*PROBLEM*
Please repeat each line from the one holding "Pendule de cheminée" through the final line of the data, exactly as it stands, with no pictures.
━━ GIVEN ENTRIES ━━
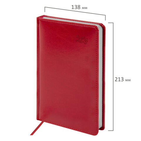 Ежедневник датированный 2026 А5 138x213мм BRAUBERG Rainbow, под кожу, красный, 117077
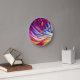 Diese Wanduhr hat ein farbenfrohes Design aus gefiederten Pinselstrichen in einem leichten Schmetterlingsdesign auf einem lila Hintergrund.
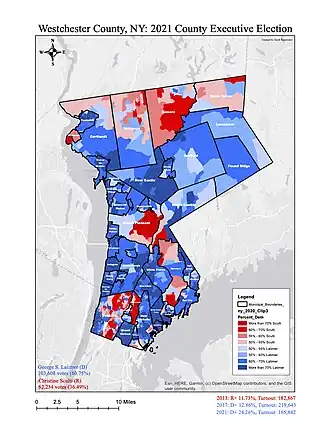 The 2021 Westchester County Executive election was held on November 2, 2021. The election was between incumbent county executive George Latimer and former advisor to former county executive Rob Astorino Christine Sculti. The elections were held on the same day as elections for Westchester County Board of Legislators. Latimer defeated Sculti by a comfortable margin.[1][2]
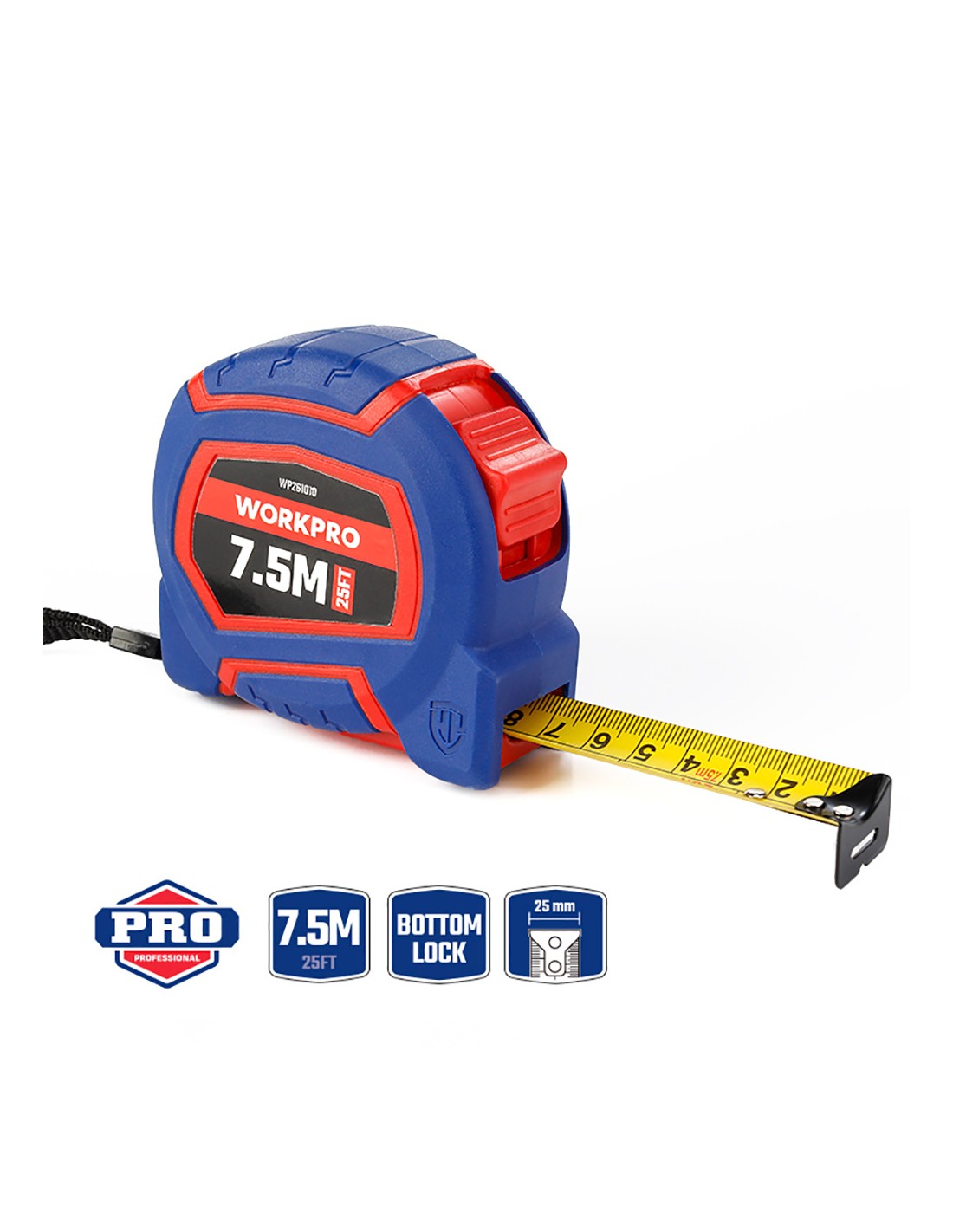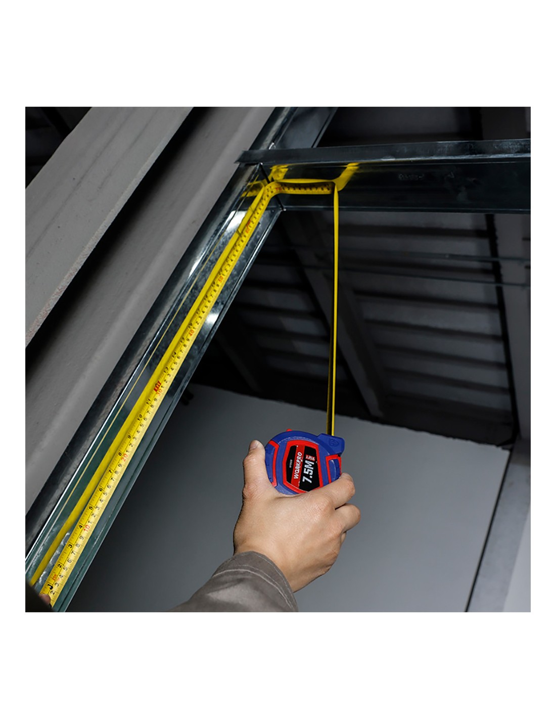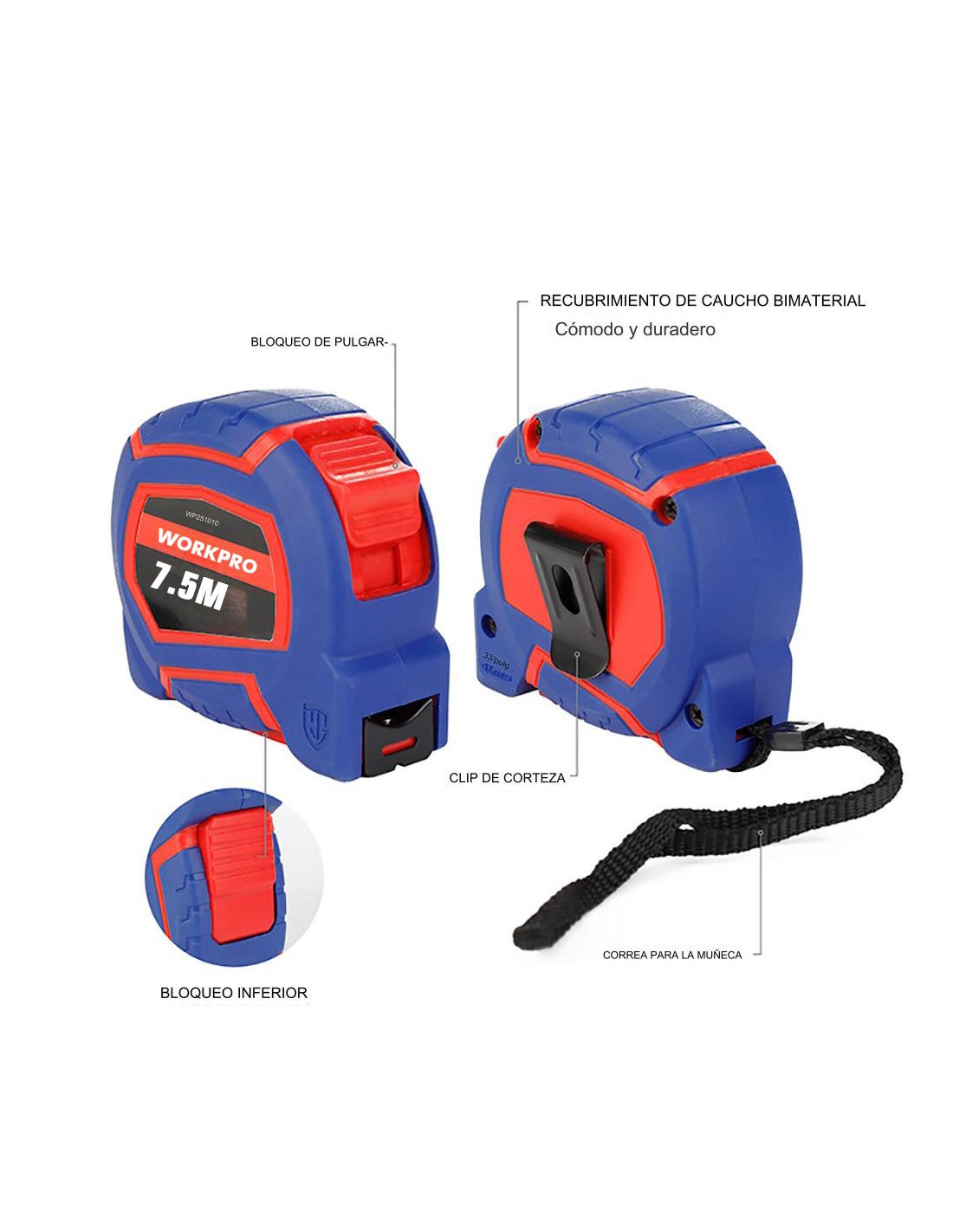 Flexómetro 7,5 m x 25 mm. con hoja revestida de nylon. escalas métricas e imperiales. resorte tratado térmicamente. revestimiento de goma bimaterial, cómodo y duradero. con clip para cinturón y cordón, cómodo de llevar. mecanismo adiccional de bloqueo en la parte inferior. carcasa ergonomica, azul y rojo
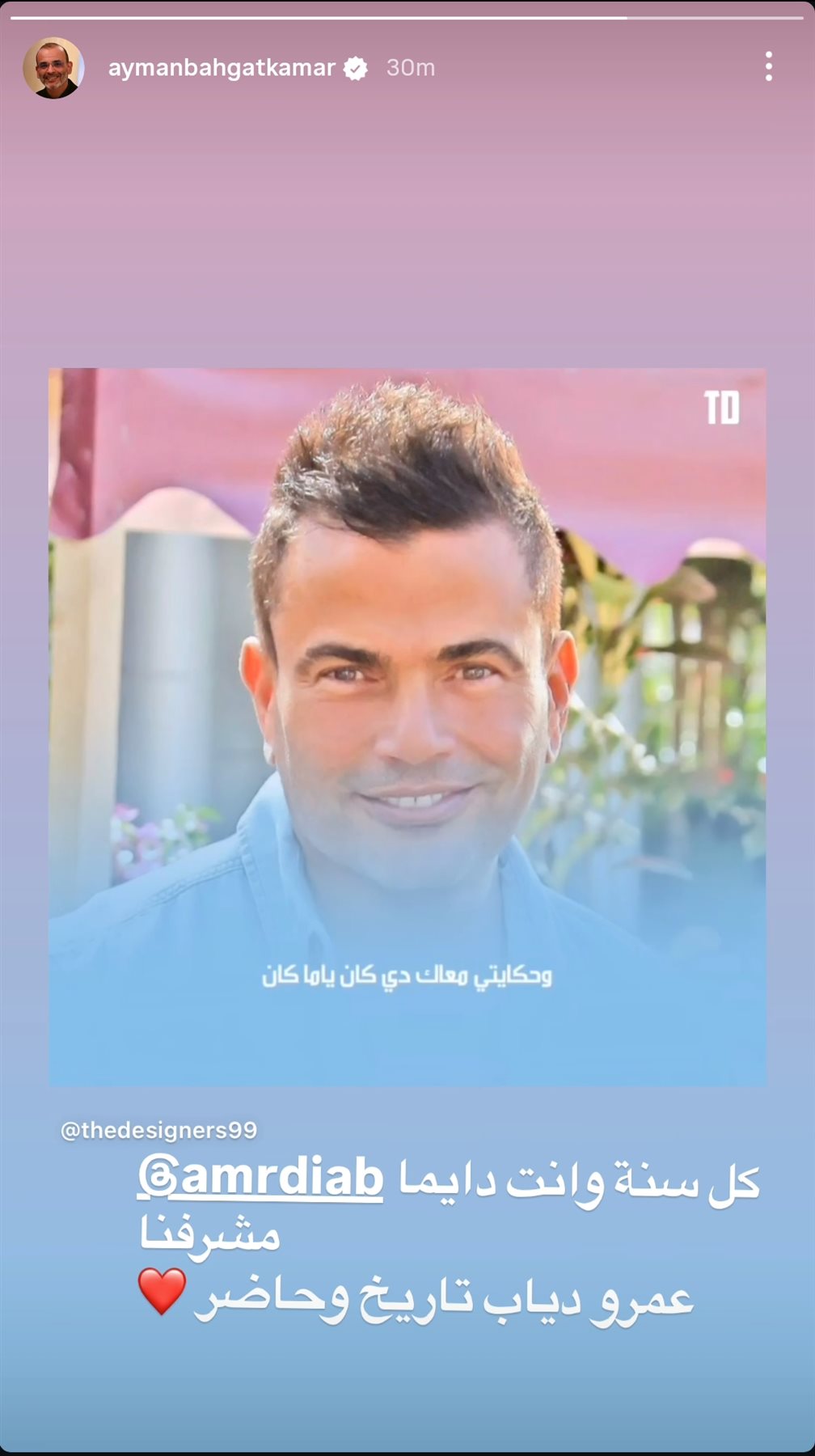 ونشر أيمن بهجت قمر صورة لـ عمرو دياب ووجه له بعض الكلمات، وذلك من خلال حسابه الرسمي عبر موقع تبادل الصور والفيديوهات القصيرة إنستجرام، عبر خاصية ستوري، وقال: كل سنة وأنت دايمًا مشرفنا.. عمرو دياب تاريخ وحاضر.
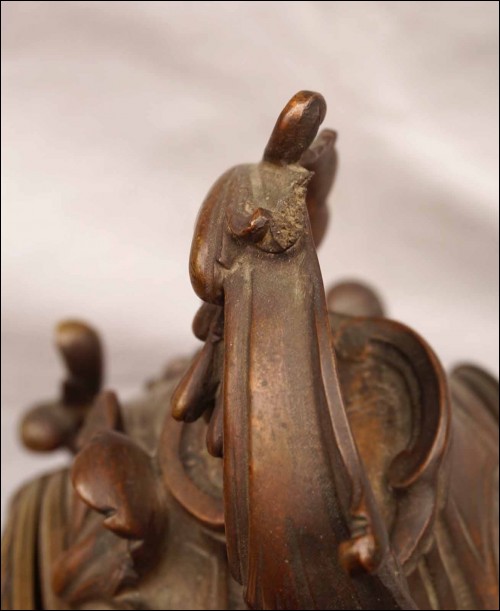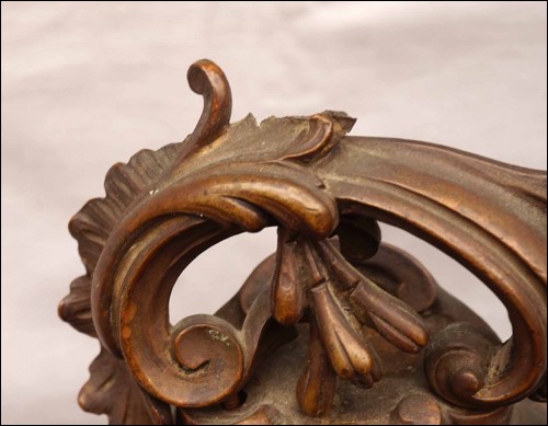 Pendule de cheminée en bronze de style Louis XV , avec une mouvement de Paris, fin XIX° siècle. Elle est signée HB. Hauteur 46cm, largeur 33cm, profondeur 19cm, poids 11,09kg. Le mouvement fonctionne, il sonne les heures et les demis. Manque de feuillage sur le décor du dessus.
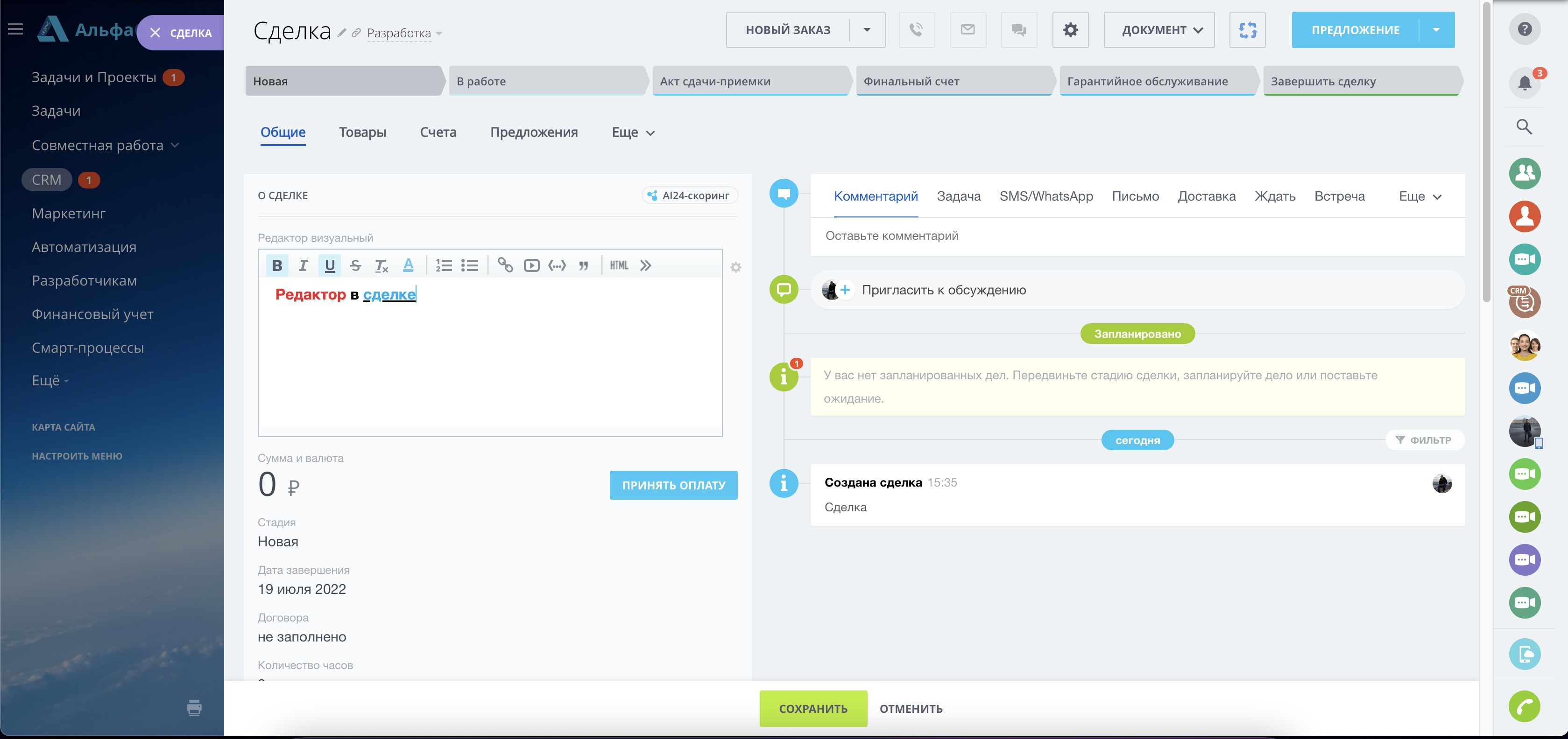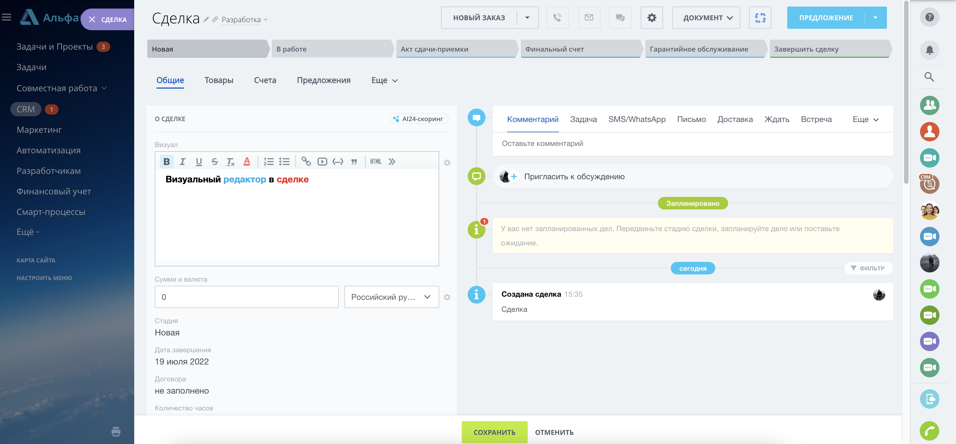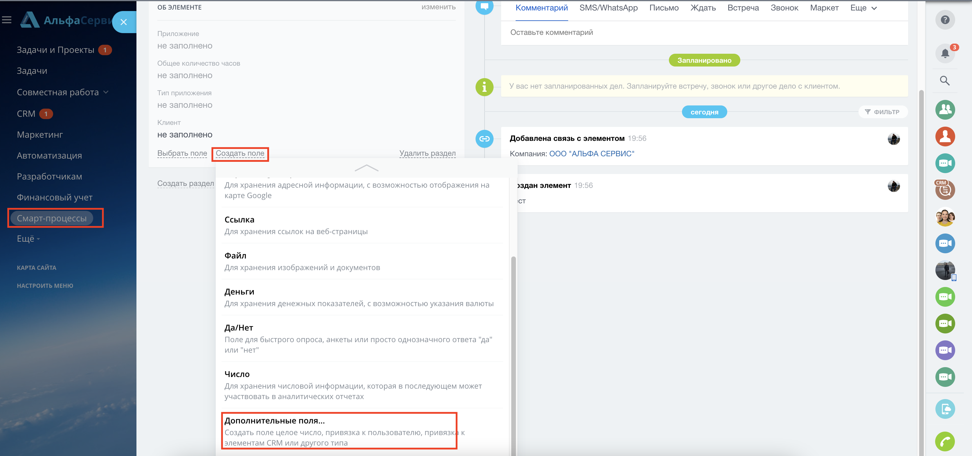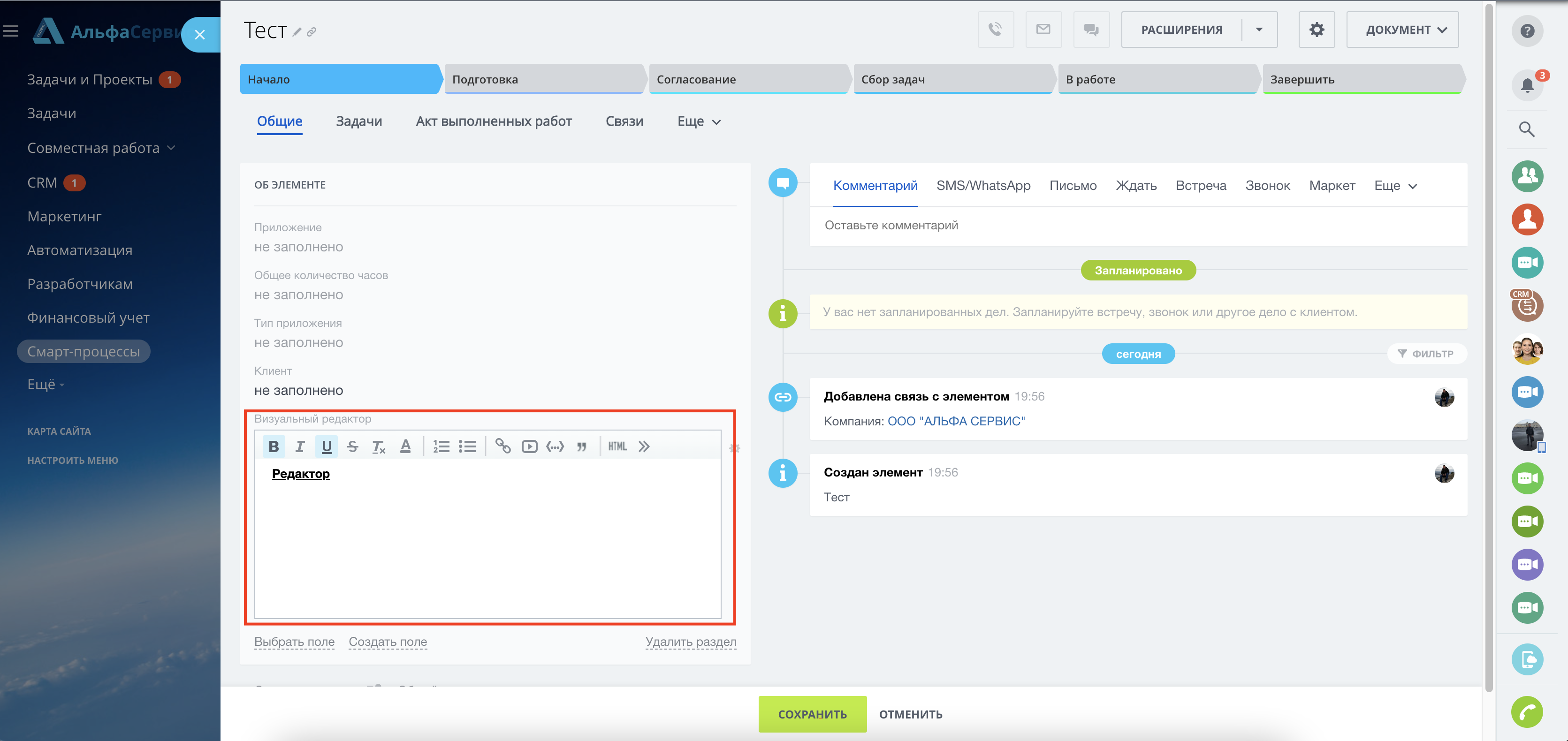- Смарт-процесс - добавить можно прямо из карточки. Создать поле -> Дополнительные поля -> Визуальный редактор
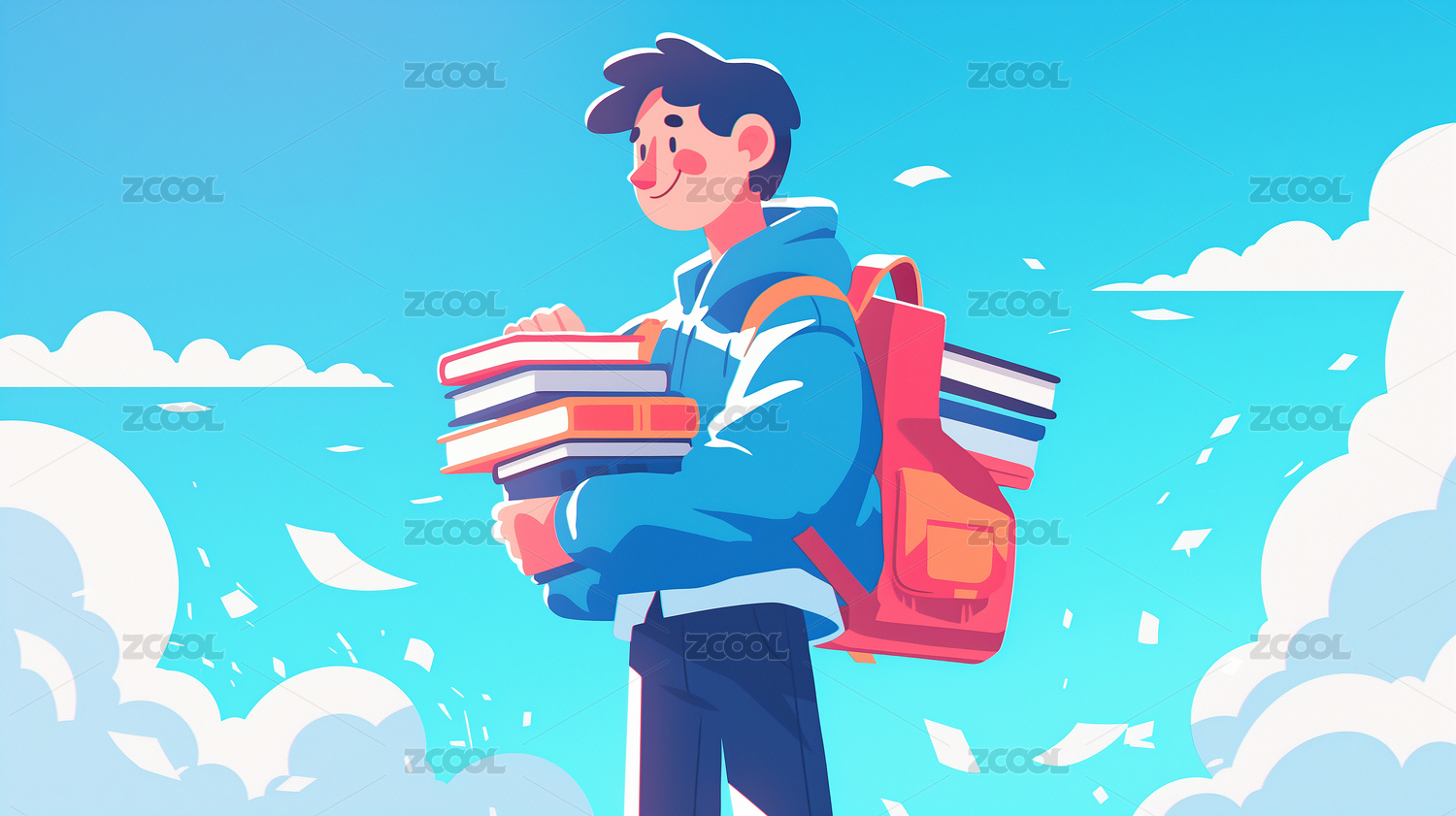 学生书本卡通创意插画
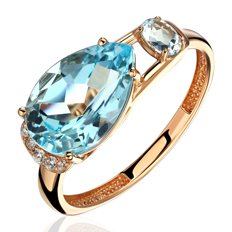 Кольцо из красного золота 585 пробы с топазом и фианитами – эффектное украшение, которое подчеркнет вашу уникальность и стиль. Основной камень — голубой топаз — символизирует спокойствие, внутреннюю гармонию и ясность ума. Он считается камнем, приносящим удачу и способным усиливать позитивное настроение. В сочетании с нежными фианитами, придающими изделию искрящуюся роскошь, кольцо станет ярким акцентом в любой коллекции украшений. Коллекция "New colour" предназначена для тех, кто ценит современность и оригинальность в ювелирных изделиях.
━━━
*SOLUTION TO THIS PROBLEM*
 Pendule de cheminée en bronze de style Louis XV , avec une mouvement de Paris, fin XIX° siècle. Elle est signée HB. Hauteur 46cm, largeur 33cm, profondeur 19cm, poids 11,09kg. Le mouvement fonctionne, il sonne les heures et les demis. Manque de feuillage sur le décor du dessus.
- Смарт-процесс - добавить можно прямо из карточки. Создать поле -> Дополнительные поля -> Визуальный редактор
 学生书本卡通创意插画
 Кольцо из красного золота 585 пробы с топазом и фианитами – эффектное украшение, которое подчеркнет вашу уникальность и стиль. Основной камень — голубой топаз — символизирует спокойствие, внутреннюю гармонию и ясность ума. Он считается камнем, приносящим удачу и способным усиливать позитивное настроение. В сочетании с нежными фианитами, придающими изделию искрящуюся роскошь, кольцо станет ярким акцентом в любой коллекции украшений. Коллекция "New colour" предназначена для тех, кто ценит современность и оригинальность в ювелирных изделиях.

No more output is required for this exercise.